In the pre-digital days of Hollywood, film stock was not sensitive enough to render nighttime footage usable to any feasible degree, so directors and their cinematographers often shot “day for night” by underexposing daylight shots and then darkening the shots later in post-production to give the impression of night. The effect generally worked, particularly in Western films, but it gave scenes a surreal and artificial feel with noticeable shadows on the ground and highlights that were a bit too bright to be just moonlight. The camera, at least back then, could not come close to seeing what the human eye could see.
California painter Glenn Dean can relate to the complexity of the human eye. How it can slowly adjust to nighttime conditions. How it can see detail in both shadow and highlight, whether the difference between the two is vast or subtle. How the eye can see color and form, even when lit from the sun’s reflection off the moon, 238,000 miles above the desert floor.
“I would go on these walks at night, and where I live there’s not a lot of light pollution, so you can walk under the light of the stars and still see where you were going,” Dean says. “The
moon especially helps define things at night. It provides just enough information so you can identify shapes and forms, but not completely. I find it interesting how dim that moonlight is, and how it creates this unexpected sense of excitement as you look at things in it. Everything you see is a surprise in it. You almost see everything anew under the moonlight.”
Dean’s new solo show, opening May 20 at Maxwell Alexander Gallery in Los Angeles, will focus exclusively on moonlit, twilight and nocturne images, all of which have been in the repertory of the artists for some time, but he’s never painted this many all at one time.
“Normally, every 10 paintings or so I would do a nocturne, but for this show I thought it would be fun to do a show of nothing but nighttime images,” he says. “I would start a half hour before the sun went down and then just paint into the nighttime until it was too dark to paint anymore. These works were often just color studies of the landscapes as I raced to paint the remaining color in the sky. As it got dark your eyes would start to adjust with the moonlight and then this world would open up.”
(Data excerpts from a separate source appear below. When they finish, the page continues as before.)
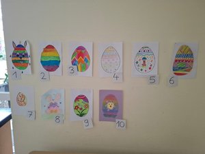 Doch damit nicht genug: Aus den vielen kleinen Kunstwerken wurde ein echter Wettbewerb: In der ersten Runde hatten die Klassen die wichtige Aufgabe, die schönsten Eier einer jeweils anderen Klasse zu küren. Gar nicht so leicht bei so vielen kreativen Meisterwerken! Am Ende schafften es aus jeder Klasse die fünf beliebtesten Eier in die nächste Runde. Somit entstanden unsere glorreichen Top 20.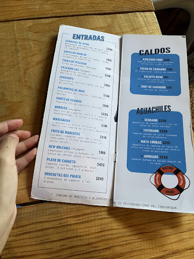 Pedimos la cevichips con Doritos y salsa jalapeño y 10/10. También me encantó el taco zarandeado de camarón. Pedí caldo de camarón y el pescado zarandeado y estaban muy ricos pero no los mejores que he comido.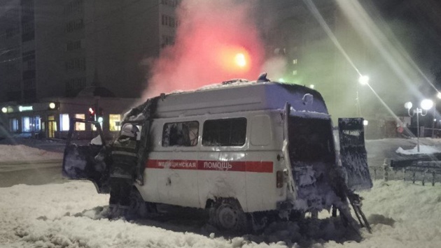 По данным ведомства, произошло это в четвертом часу утра по местному времени, когда скорая везла пациента. Из горящей машины благополучно эвакуировались водитель, фельдшер и пациент.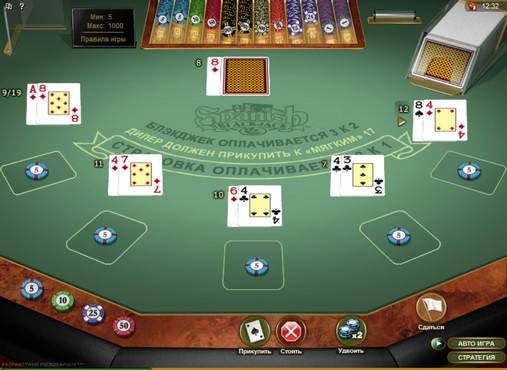 The main difference between this blackjack and most other types is the use of the so-called Spanish decks. They are standard 52-card decks without jokers and tens.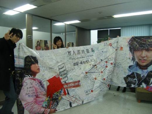 이준기 중국팬들이 이날 전달한 것은 가로 10m, 세로 1.5m 크기에 각각 약 1만명의 사인을 담은 대형 플래카드를 10장.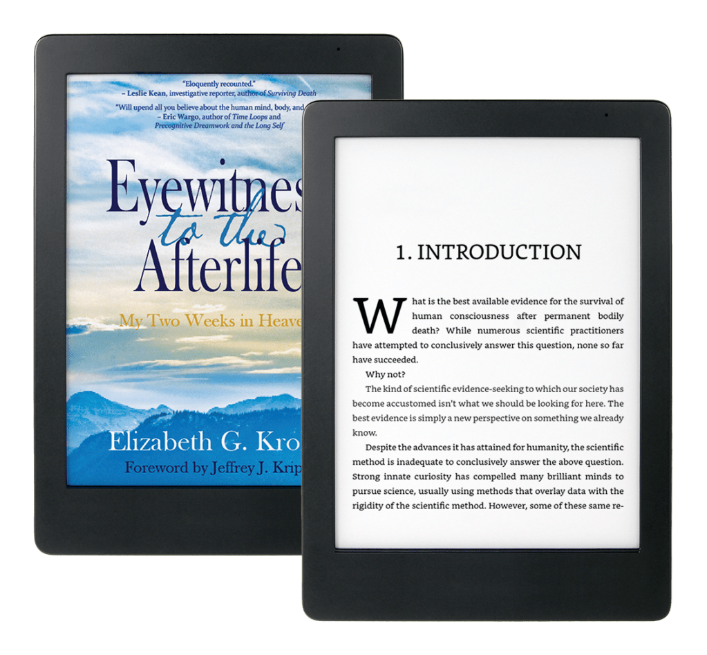 In Eyewitness to the Afterlife, the essay that won Elizabeth a prize from the Bigelow Institute for Consciousness Studies, she details her near-death experience and its paranormal afteraffects, arguing that they provide convincing evidence that there’s more to reality than the physical world and that, even when our lives on Earth come to an end, our consciousness will live on. Eyewitness to the Afterlife is a riveting, firsthand account of the hidden dimensions of our world.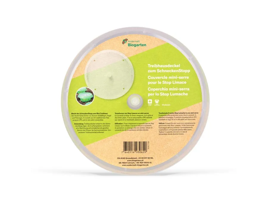 Wenn du deine Jungpflanzen wie Salat oder Kohl mit dem SchneckenStopp Schutzring vor gefräßigen Kriechtieren schützt, kannst du mit diesen Treibhausdeckeln zusätzlich einen deutlichen Erntevorsprung gerade im Frühjahr und Herbst erreichen: Mit aufgesetztem Deckel wir der SchneckenStopp zum Mini-Treibhaus!

Works in the exhibition will include examples from almost every kind of nighttime light, including twilight scenes, where the sun has only barely cleared the horizon but still radiates in the glowing sky, and intensely dark middle-of-the-night light that gives the scenery an eerie bluish cast. In Night Trail, Dean takes the night about as far as it can go, darkening the landscape to an almost abstract level of color and form. He is often inspired by Frank Tenney Johnson, but even Johnson’s nocturnes pulled back before showing the pure overwhelming power of the darkness. Dean, for his part, doesn’t see these new pieces as experiments in color and form, but rather as a continuation of a theme he’s been happy to explore in recent years. “There’s a nuance to the nighttime and I’m just trying to find a way to show that through the paintings,” he says. “I’m asking how to truthfully and honestly explain this moonlight with a variety of compositions and effects.”
If Night Trail is on the darkest side of Dean’s nocturne spectrum, not far from it are 4 Hours Till Dawn, with a figure standing next to a brilliant white horse, and Into the Night, which shows clouds that seemingly absorb and refract moonlight in glowing airborne pockets. “I’m exploring these darker ones with a limited palette of colors—no more than five and no fewer than three,” Dean says. “They’re pretty tonal, but that’s part of the fun. Some of the paintings have more tonality, but there is color vibration there, especially when you get up close.” On the opposite side of the spectrum are Contemplation, with its rainbow of colors fizzling away as the earth spins away from the sun, and Heading Home, which brings back a male and female figure that have appeared in recent works by the artist.
“Subconsciously, I feel like the female figure started showing up after I got married, which was interesting,” he says. “As far as the story goes, as with any of my works, I try to keep that vague without over explaining everything. It’s more enjoyable for me and my imagination, and the viewer is owed that much too.”
Many of Dean’s male figures are carrying rifles or wearing gun belts, but his works don’t feel dangerous or volatile. They feel quite the opposite—they feel peaceful. “That’s how I try to see the world. I don’t have any experience directly with the Old West, so my experience with the West is peaceful and calm,” he says. “I certainly know the dangerous West existed, and maybe these figures are living in a world where they needed those guns—when they were traveling, for instance—but that’s not me and I don’t want to show that side of the West. I want to show the expansive peaceful qualities of the West.”